# C/S über HTTPS



## Foermchen82 (7. Mrz 2011)

Hallo zusammen,

ich würde gerne meine Client-Server Anwendung über HTTPS kommunizieren lassen. der Hintergrund ist, dass ich dann keine separaten Ports brauche.

Jedoch stehe ich hier etwas auf dem Schlauch. Bei einer Socket-Kommunikation über einen selbst definierten Port habe ich keine Probleme. Wenn ich aber an HTTP und Port 80 denke (oder das Pendant dazu bei HTTPS) weiß ich nicht weiter wie ich die Server-Komponente aufsetzen muss.

ich kann mir keinen eigenen Webserver schreiben, sondern muss meine Server-Seite in einen bestehenden einfügen. Wie muss eine solche Server-komponente aussehen bzw. in Tomcat oder IIS integriert werden.
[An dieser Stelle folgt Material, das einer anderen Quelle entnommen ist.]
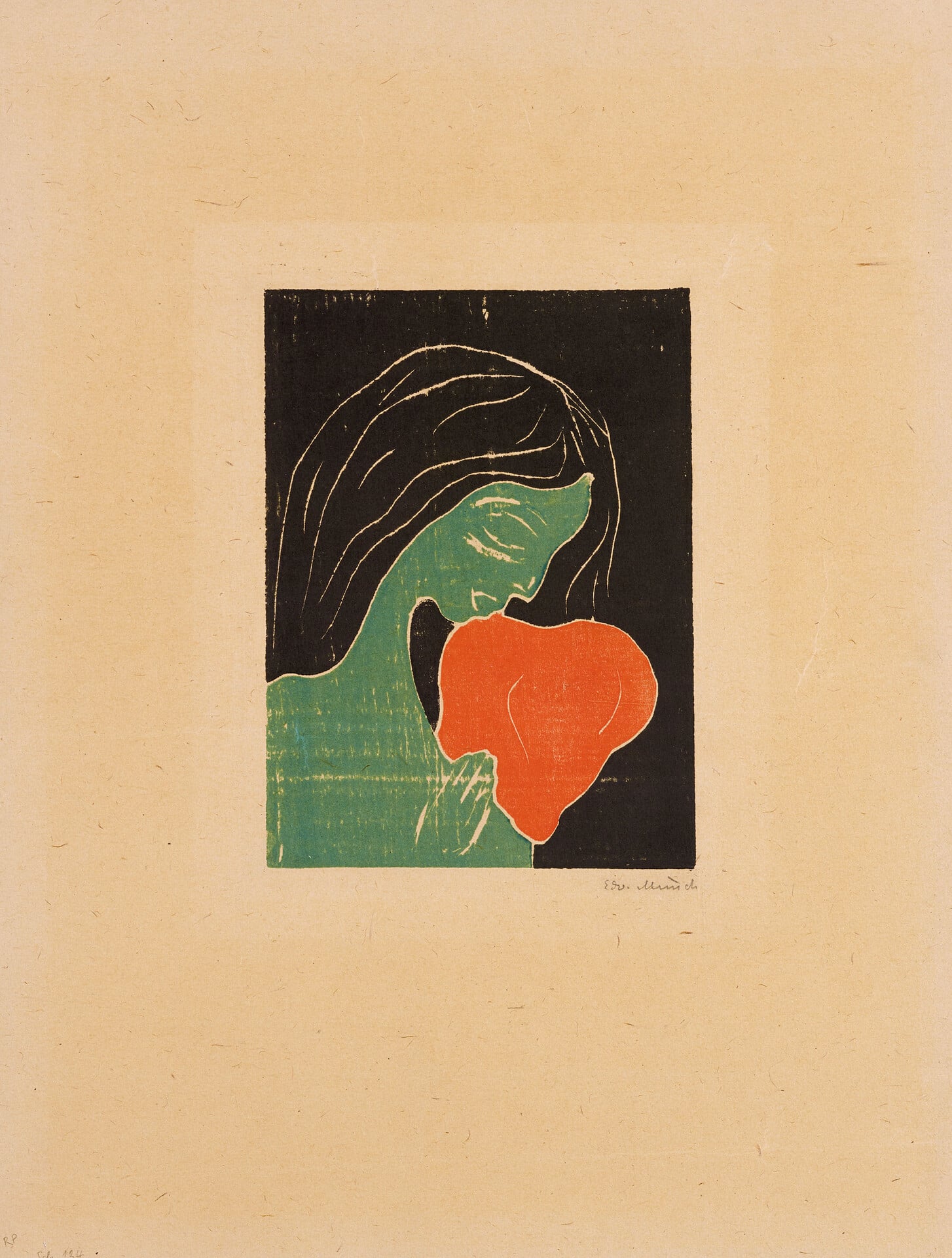 Το ότι φέρνουμε Μουνκ στην Αθήνα είναι ένα γεγονός που μας δίνει μεγάλη χαρά. Αυτό το έργο είναι πολύ σημαντικό, ο Μουνκ έφερε επανάσταση στην ξυλογραφία γιατί δεν ακολούθησε καθόλου την κλασική τεχνική. Έκανε τις δικές του μήτρες, μόνος του και εφηύρε και νέα τεχνική. Έκανε κάτι σαν παζλ, εδώ, σε αυτό το έργο κάθε χρώμα είναι ένα κομμάτι από την ίδια μήτρα για να μπορέσει να περάσει το χρώμα συγχρόνως σε όλα τα μέρη. Η καρδιά για τον Μουνκ είναι ένα σύμβολο που διατρέχει όλο του το έργο. Εδώ υπάρχει μια τρυφερότητα σε αυτή τη φιγούρα, με τα μαλλιά της να αγκαλιάζουν αυτήν την καρδιά και καταλαβαίνει κάποιος ότι πρόκειται για την πρώτη φάση της αγάπης, την αρχή της. Πολύ γρήγορα στο έργο του Μουνκ η καρδιά θα φανεί με πολύ σκοτεινό τρόπο, δυο χρόνια μετά έχουμε μια άλλη ξυλογραφία με μια γυναίκα που κρατάει μια καρδιά που ματώνει, ενώ στο έργο του «Χωρισμός», ο άντρας κρατά την καρδιά έξω από το σώμα του.

Es ist ja keine Webseite!. Also wie nehme ich da Requests entgegen?

Ich schaffe es gerade nicht bei beiden Sachen zu verheiraten!

Danke im Voraus!!


----------



## ARadauer (7. Mrz 2011)

Stichwort Servlet?


----------



## Foermchen82 (7. Mrz 2011)

Du meinst also, das Servlet ist dann Quasi mein "Application-Server-prozess" im Webserver?

Sorry der Nachfrage, aber mit ist das Thema noch nicht ganz geläufig!


----------